Take a look at the incredible treasures from the archive of the Hungarian-Jewish Artist, Gyula Zilzer.

This 1933 drawing is apparently one of the earliest illustrations of a Nazi concentration camp

The materials in the archive of Hungarian-Jewish born artist Gyula Zilzer were bestowed to the Archives of National Library of Israel in 2002 as part of the estate of Mary Zilzer, the artist’s widow, after she passed away in 2001.

The story of the artist’s life can be traced back through the personal documents, photographs, correspondence, literary works, paintings and illustrations contained within the archive.

Most of the paintings in the archive are lithographs, which, unlike a painting, can exist in more than one original copy. Making duplicates with the lithographic method involves a lot of effort and all duplicates are made by the same artist, using the same stone on which the original image was painted.

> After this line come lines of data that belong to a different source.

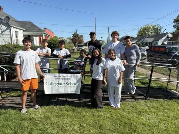 The dedicated student team from Collegiate gave up a beautiful Saturday morning on 10/4 to change the life of Ms. J, a 92-year old City resident who lives by herself. Ms. J has severe medical problems which prevent her from walking, much less being able to maneuver her front steps. She uses a wheelchair full-time, and her son and daughter help her out whenever possible. They were both at the build, and the whole family was thrilled when the ramp was completed. That's three lives significantly improved in two hours! Thank you Aanya, Riya, Stephen, JD, Quinn, and Sameer for giving the gift of safety and independence to Ms. J.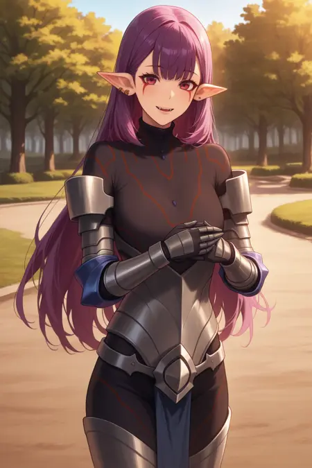 aaesil, 红色眼睛, 紫色头发, 尖耳朵, 面部纹路, 尖牙, 耳环, 盔甲, 灰色盔甲, 连体衣, 黑色连体衣, 手套, 铠甲靴,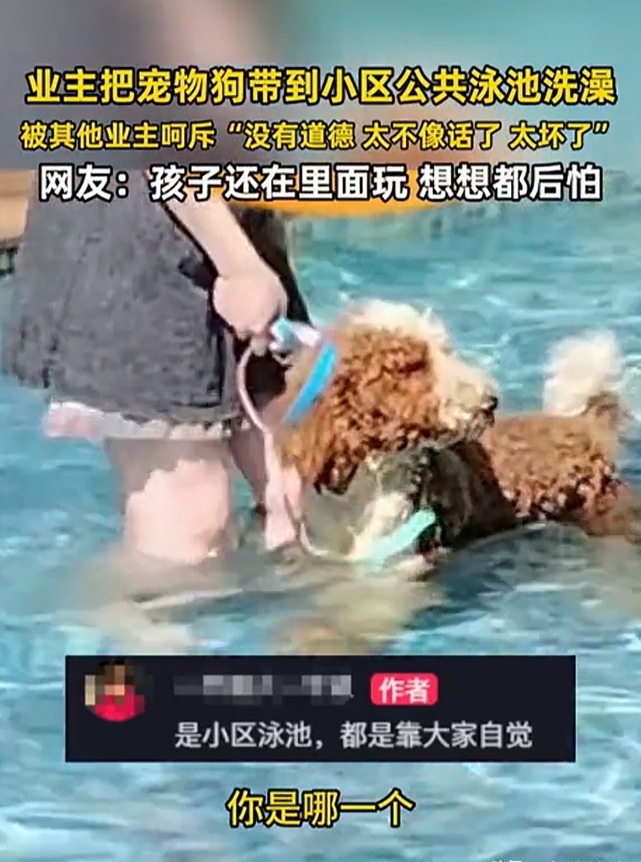 有人说她就是爱狗心切。可爱狗和守规矩从来就不矛盾。我家隔壁养了只柯基,每周去店里洗澡,打疫苗做驱虫,遛狗永远牵绳,拉完屎立马捡。这些事不难,也不贵,就是愿不愿意做。把狗往泳池里一按,图的是省事,可省下的几十块钱,转头变成别人多交的水费、孩子过敏去医院的钱、物业加班费——这账,不该大家帮她算。

"Opium". Lithograph by Gyula Zilzer
“Opium”. Lithograph by Gyula Zilzer

Gyula Zilzer, a descendant of an artisan family, was born in 1898 in Budapest, Hungary. Members of this illustrious family include the Bavarian king’s court painter Antal Zilzer, the sculptor Hajnalka Zilzer, and the modern painter Frigyes Frank.

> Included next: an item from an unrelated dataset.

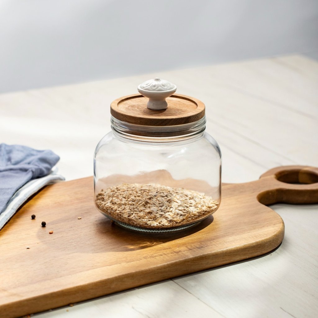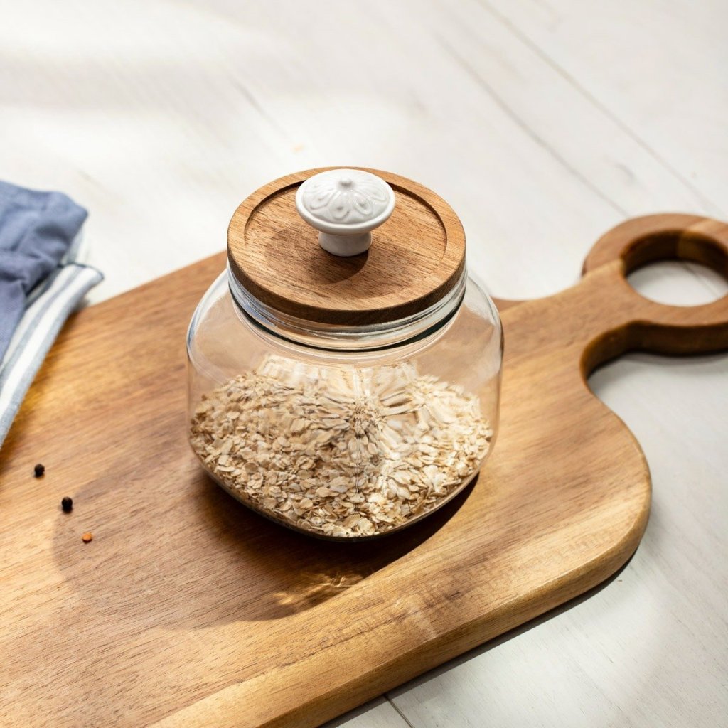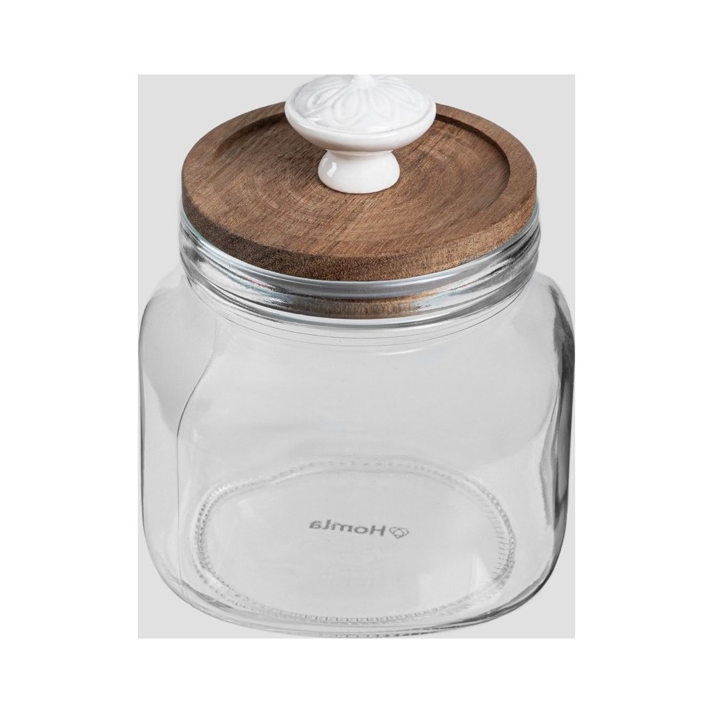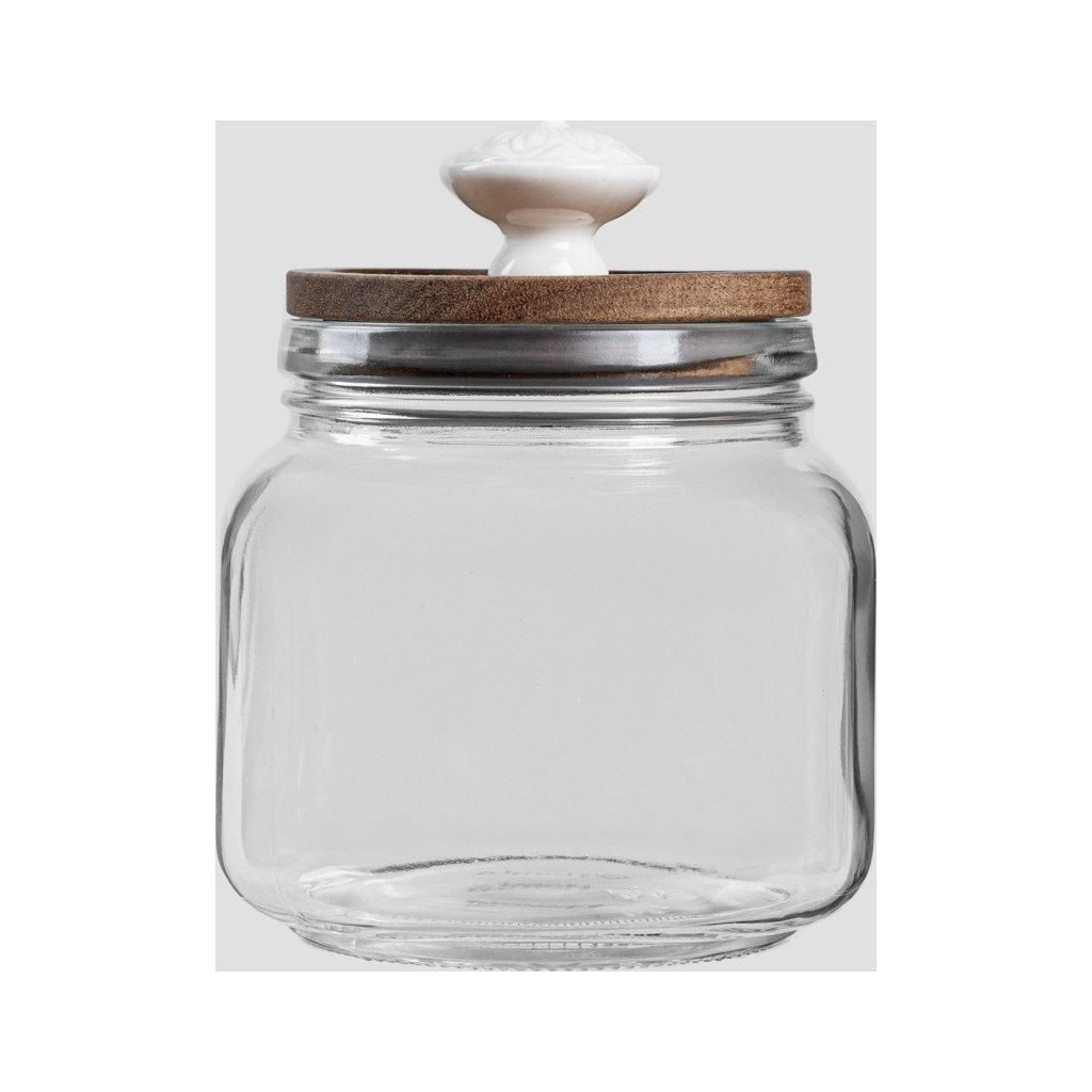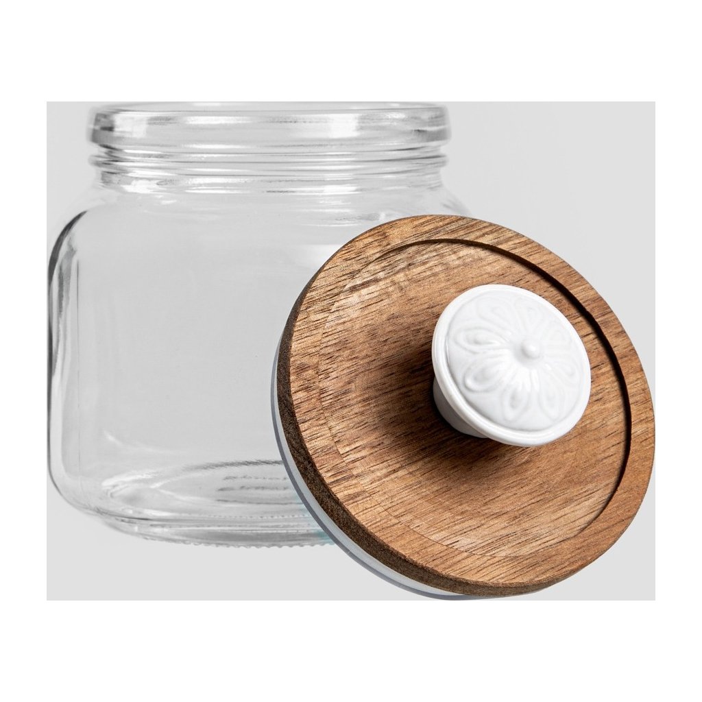 - Elegantní dóza z čirého skla s víkem z akáciového dřeva ozdobeným keramickým úchytem je dokonalým doplňkem pro stylové a přehledné skladování. Ideální na čaj, koření, oříšky nebo drobné kuchyňské ingredience.

In his youth, Zilzer had a special interest in machines and spent time working on inventions.

Certificate from the Royal Hungarian Museum of Technology given to Gyula Zilzer concerning absolving a gas engine operator course in 1920
Certificate from the Royal Hungarian Museum of Technology given to Gyula Zilzer concerning absolving a gas engine operator course in 1920

In 1917, together with two of his friends, Trotzer and Mintz, he worked to create a radio controlled torpedo. During the Russian Revolution, the Russian Army gave the three young men access to a factory to build their torpedo model and to produce it for military purposes, but the project was never completed.

The model became a secret German patent and later served as the basis for several technological innovations, including the dial mechanism of telephones and missile control systems developed in other countries.

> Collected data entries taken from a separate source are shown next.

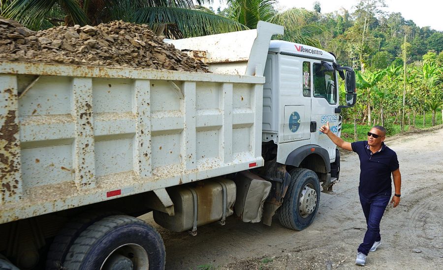 El alcalde Joffre Quintero Bolaños, junto a su equipo de Obras Públicas, Concejales, técnicos del Municipio y del GAD parroquial, trabaja en la reconformación y cascoteo de la vía de ingreso al recinto
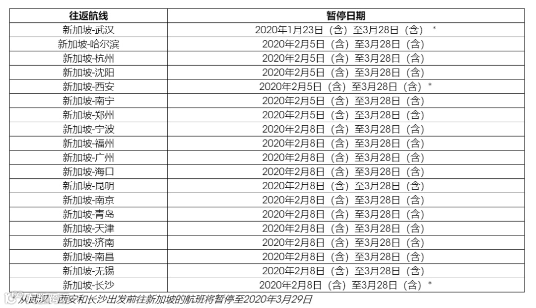1.东航:2月2日-3月28日,所有新加坡航线取消(上海/长春/杭州/泉州/长沙/烟台/昆明);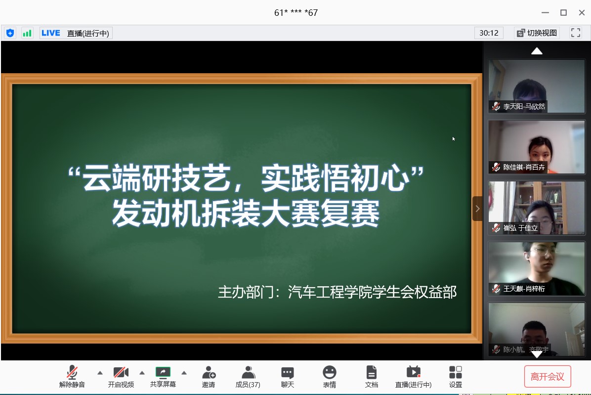 为了提升yd2333云顶电子游戏学生的专业素养,进一步考察晋级复赛八支队伍的专业知识水平,yd2333云顶电子游戏学生会于2020年5月24日通过软件“腾讯会议”,在线上举办了汽车发动机拆装大赛复赛。学生车队指导教师王达老师以指导教师身份出席复赛。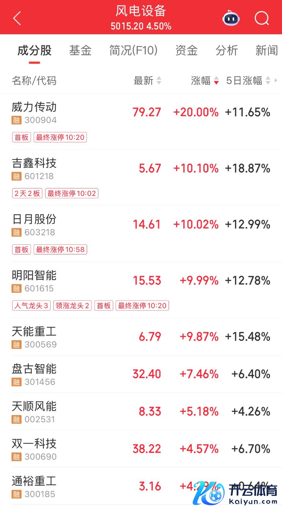 9月26日,A股风电成立板块强势拉升,成为市集焦点。畛域午间收盘,风电成立指数高涨4.5%,威力传动、吉鑫科技、明阳智能、日月股份涨停,盘古智能、天能重工、天顺风能等个股跟涨。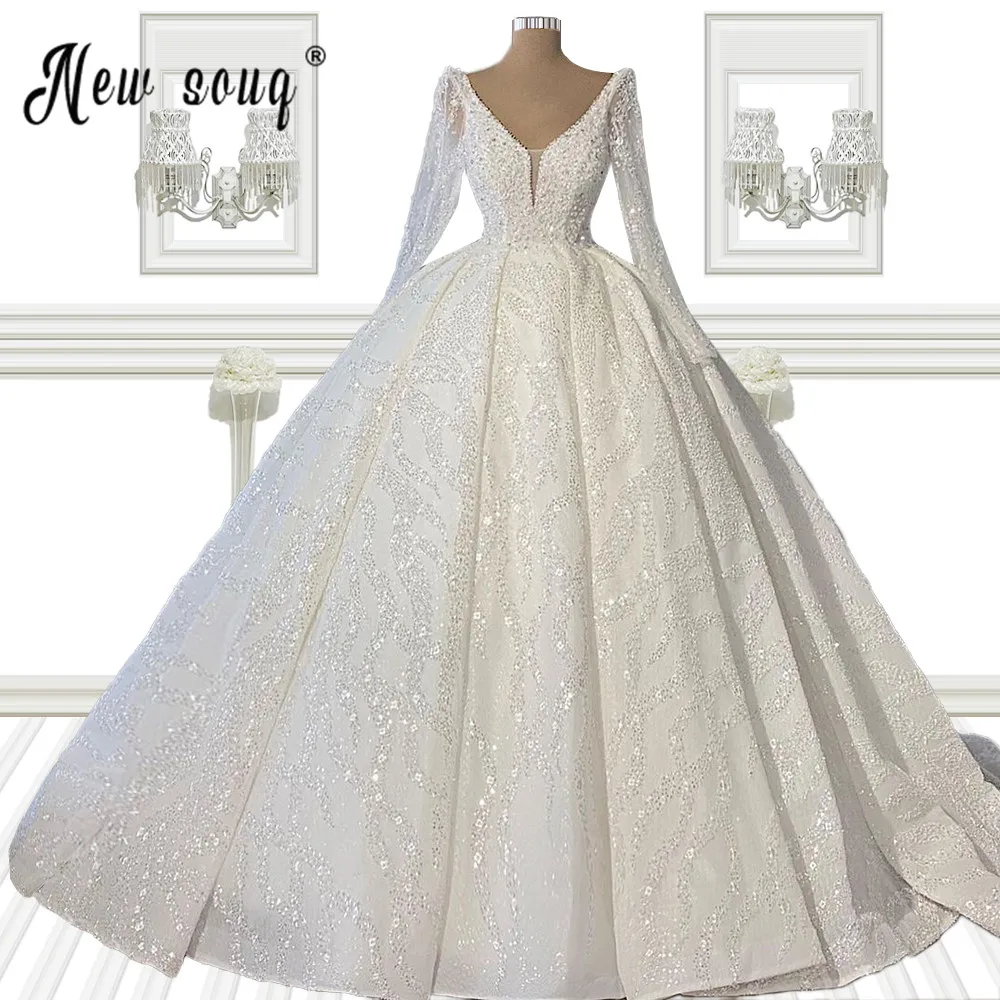 Цельное свадебное платье с бусинами и V-образным вырезом, с длинным рукавом, 2021, великолепное бальное платье, свадебное платье, свадебные платья

The artist Gyula Zilzer in his study. Photo by André Kertész
The artist Gyula Zilzer in his study. Photo by André Kertész

As a Jew, Zilzer was prevented from continuing his academic studies in mechanical engineering due to the implementation of Numerus Clausus. In 1919 he fled from Hungarian nationalists to Trieste, Italy. There, while involved in the leadership of a factory that he founded along with his business partners, he began to paint. After displaying much talent, from 1922-1923 Zilzer went to study painting at the school of the famous German painter Hans Hoffman in Munich.

In 1924, after acquiring a Triestian certificate which attested to his status as a Christian, Zilzer returned to Budapest and signed up for the Academy of the Arts. When his Jewish origins were revealed to the academic administration, he was dismissed from the Academy as “untalented.” Despite this humiliation, Zilzer pushed forward and published his collection of lithographs entitled, “Kaleidoskop,” in 1924. This publication was so successful that it enabled him to leave Hungary for good. After leaving Hungary in 1924, he lived in Paris until 1932 where he worked for the French magazine Clarté and the daily newspaper L’Humanité, both of which belonged to the Communist Party. It was during this time that he became friends with the French writer and publicist Henri Barbusse.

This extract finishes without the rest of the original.